Acknowledging those concerns, IBP recently issued employees a special edition of its in-house newspaper, Communicator, a copy of which was obtained by Dow Jones. The publication offers "responses to some of the many questions employees have been asking" about the pending acquisition, including those about stock options.
"Unfortunately, there will be no equity or value in options with a grant price higher than the $22.25 acquisition price. They will be canceled as of the effective date of the merger," which it says is likely to be sometime next January.
"You will not be able to carry your options over into the new company," the publication advised its readers, promising that after the merger there will be a compensation plan to replace the stock option plan, but added, "the details have not yet been defined."
Numerous employees at IBP, including those at the foreman level, are eligible for stock options, according to people familiar with the company's compensation structure.
The newsletter also states part of management's reasoning behind accepting the DLJ-led bid. "Our company is changing.
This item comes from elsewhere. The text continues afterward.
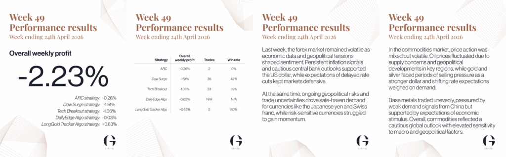 GUILD Capital recorded a total trading return of -2.23%. for the week ending 24th April 2026 across our forex and commodities strategies. Here’s a breakdown of the performance across our active strategies: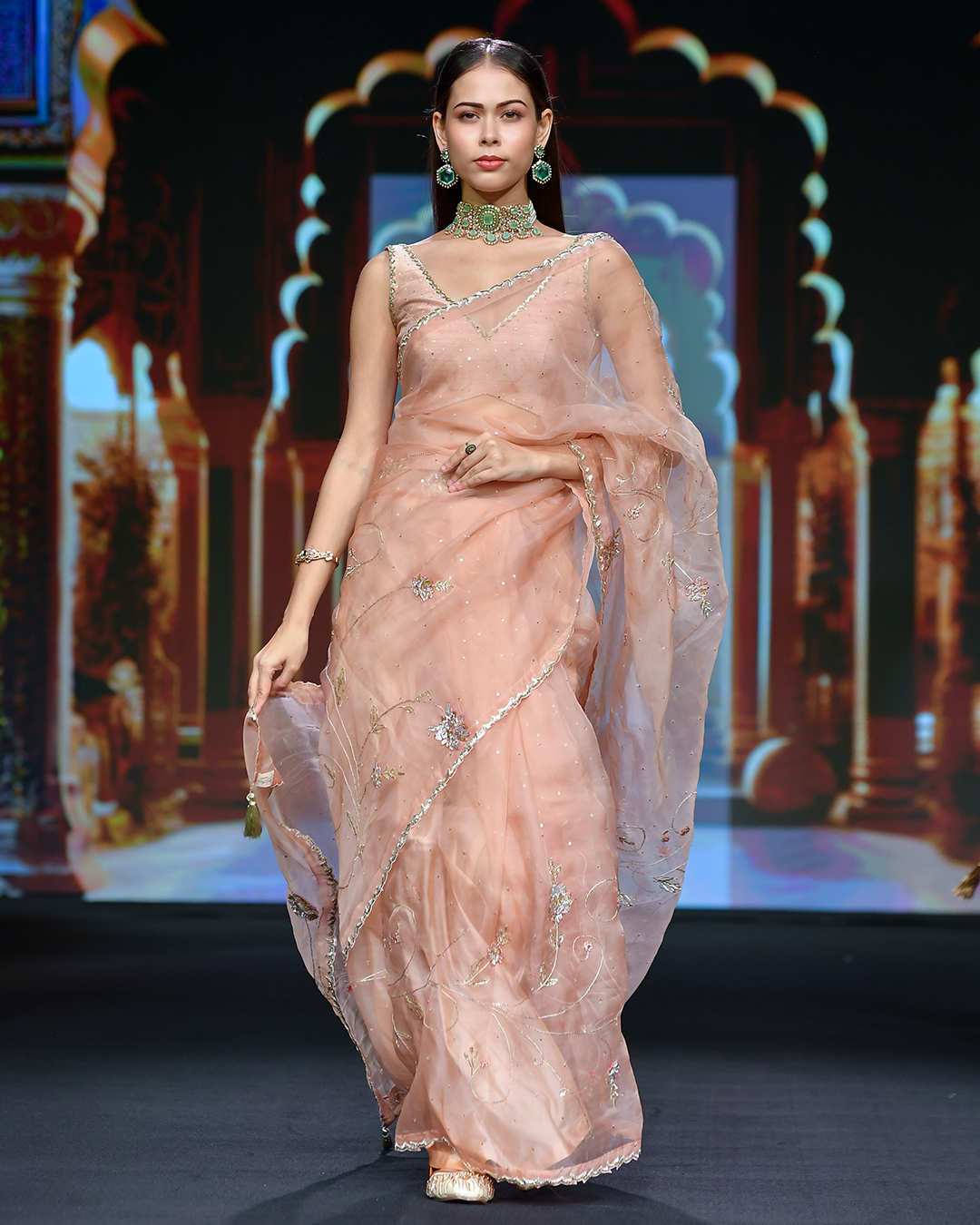 Elegant silk organza saree featuring sequins and intricate zardosi detailing all over the saree , paired with a raw silk blouse piece for a refined finish.

We are becoming a much more diversified company and we believe the transition from meatpacker to food company can be accomplished more easily as a privately held operation," it says.
"Private companies do not have to deal with the pressure of making business decisions based upon Wall Street analysts expectations. Instead, they can focus more intently on working for the long-term growth of the company," the publication continued.
In recent months IBP, which has been branded the "nation's number one corporate outlaw," has been investing heavily in the ability to produce what are known as case-ready meats under its new label Thomas E. Wilson meats. The cuts go directly from packing house to meat counter and don't require a supermarket butcher to modify and wrap.
IBP has said shareholders will be asked to vote on the DLJ offer sometime in the next 60-90 days; however, some analysts speculate that the deal has a 50-50 chance of being rejected, if DLJ does not raise the bid.
Meanwhile, even though IBP Inc. was reporting that record export sales had helped third-quarter earnings easily beat expectations the company disappointed some on Wall Street by refusing to comment on its controversial pending buyout. In a post-earnings conference call, IBP Chairman and Chief Executive Robert Peterson said, "We would like very much to discuss the sale of IBP but have been advised we should not do it due to legal reasons."